We spent so much time like this..busy campground, busy bathrooms! And for the record, men take much longer in the restroom than women, we scientifically proved it! 🙂

–Long, long days.  We were understaffed from the end of May onwards, which meant we put in 10 or 11 hour days every day.  I’m a morning person, so by the time evening rolled around and we had already put in extra hours, I had a lot of trouble being pleasant for late-day issues.  Inevitably, just when we were ready to crawl into bed, we would hear crazy loud music, or find yet another mess in the bathroom, and we would have to stay up late to deal with it.

-Naughty, naughty campers.  I’m not sure if JJ and I are just personally anally-retentive about good manners, or if we’re a product of growing up indoctrinated into “mid-west nice”, but we were appalled at the poor behavior we saw.  We repeatedly had problems with things like super loud campsites in the middle of the night, sites that were left an absolute mess with trash, and people being very, very mean when we politely asked them to comply with safety rules.  Oh yeah, and did I mention the bathrooms?!

Verdict: would we do it again?  Yes, but at a different campground.  Serrano was kind of the party central campground for Los Angeles and Las Vegas, while most of the surrounding campgrounds saw more families and couples just doing the camping thing.

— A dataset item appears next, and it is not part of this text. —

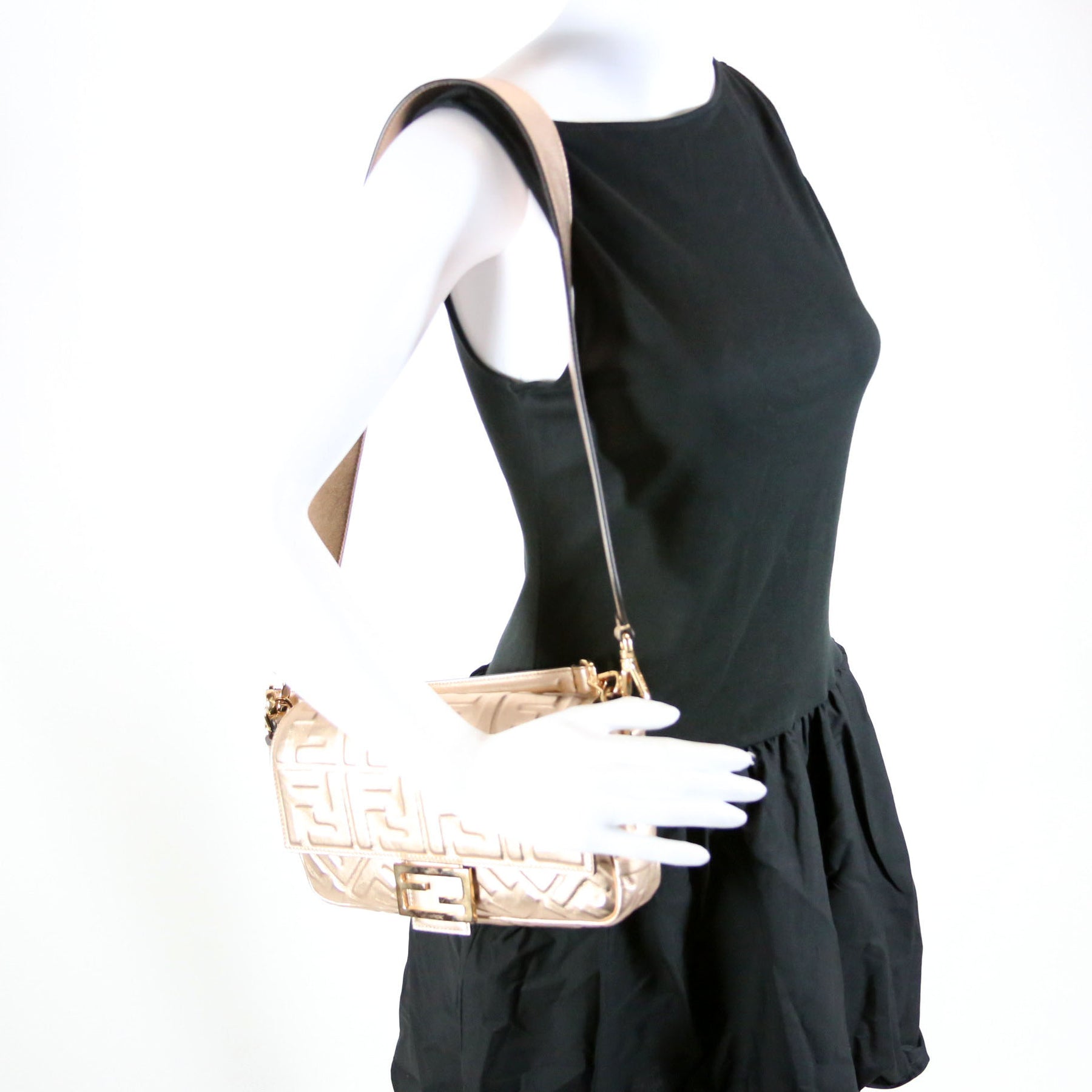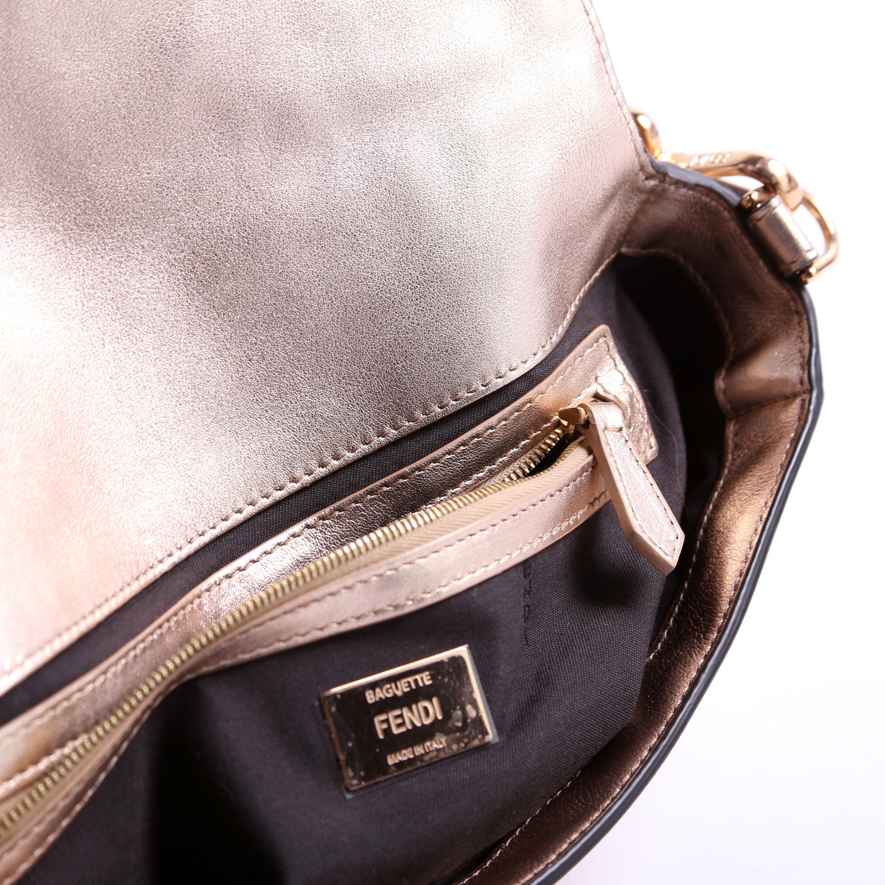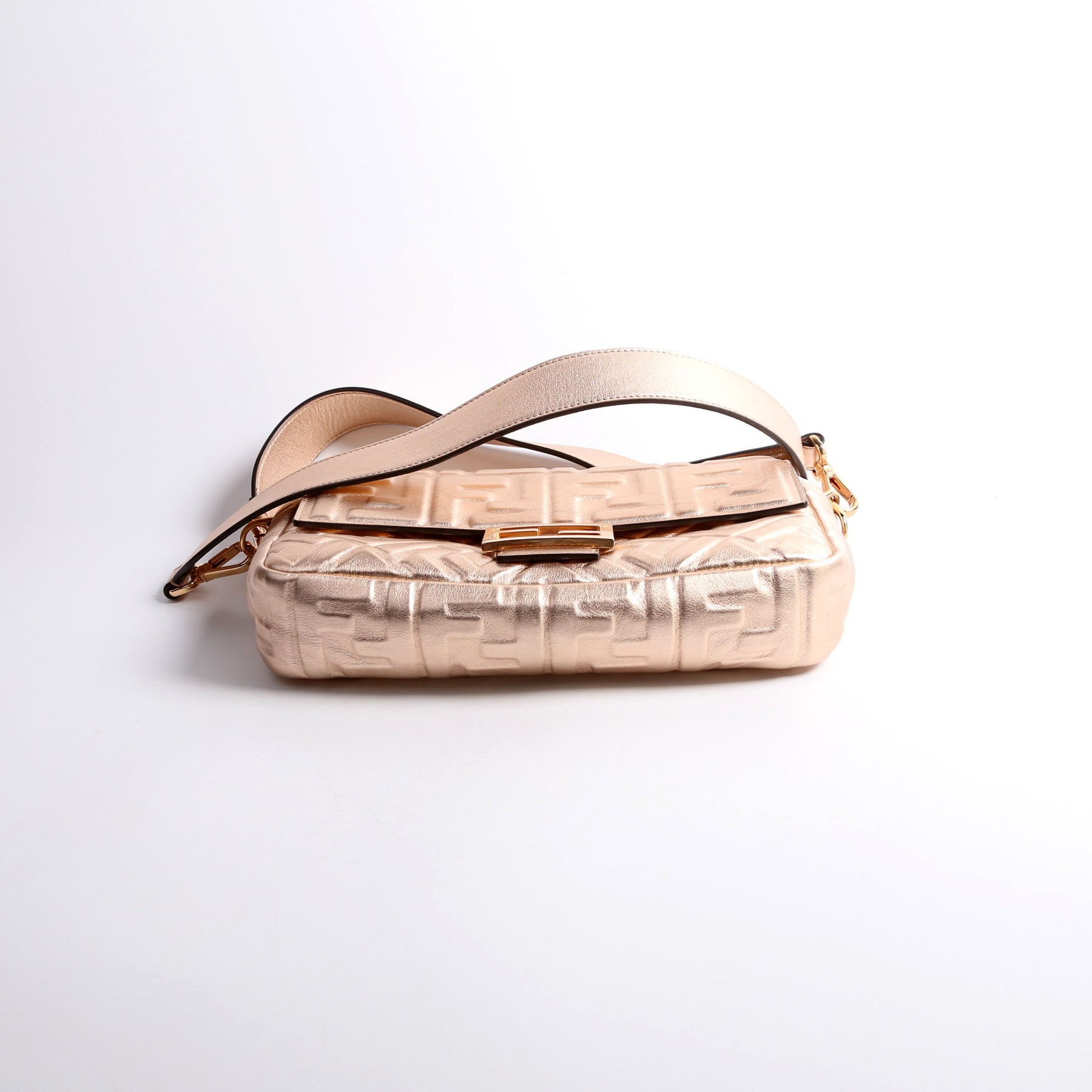 This pre-owned Fendi Baguette FF Embossed Metallic Nappa is guaranteed 100% authentic.

It was also full 7 days a week between Memorial Day and Labor Day, while most other locations slowed down a bit on weekdays.  We would like to do the same kind of work in a less beer-soaked environment, at a slightly less hectic pace.

So, now we’re on vacation until we report to in Fernley, NV on 10/21.  We will stay with Dave and Max for a few days of jeeping, eating, and campfires.  Then we head down the hill for some RV maintenance, and then north up 395 and the splendor that is the Eastern Sierras in fall.

Since we won’t be working for 3 weeks, I am trying out an experiment: “no poo”.  And no, it has nothing to do with bowel function!  The no shampoo method instead uses baking soda and apple cider vinegar for cleaning and conditioning.  I really got interested when I learned that 2 of my favorite RV bloggers adhere to the system, and they now only need to wash their hair a few times a month.  With my thick hair, and the fact that we plan to do a lot of off-grid living, I was intrigued with the idea of so much possible water conservation.  Research has prepared me for the fact that my hair will probably go through a rough transition period, and look really yicky for up to a month.  But then, adherents promise–lovely hair, less washing.  I’ll give it a try!

Day 1–after washing with baking soda and rinsing with apple cider vinegar the night before.

And now we’re off for adventure with Dave and Max!




2 thoughts on “Free agents!

  1. Brave girl with the new hair routine. Still enjoying your blog. We all comment on it at work, eagerly wait for the next installment. Glad you an JJ get a chance to rest before you’re off to the next adventure.

  2. Brave might not be the right word….maybe crazy?! We are so excited to finally be getting to the part of this new lifestyle that we dreamed about. We are nervous about being on our own for several weeks of freedom, but happy to finally be having adventures! Glad to know that my old work peeps are enjoying the blog! Thanks for reading!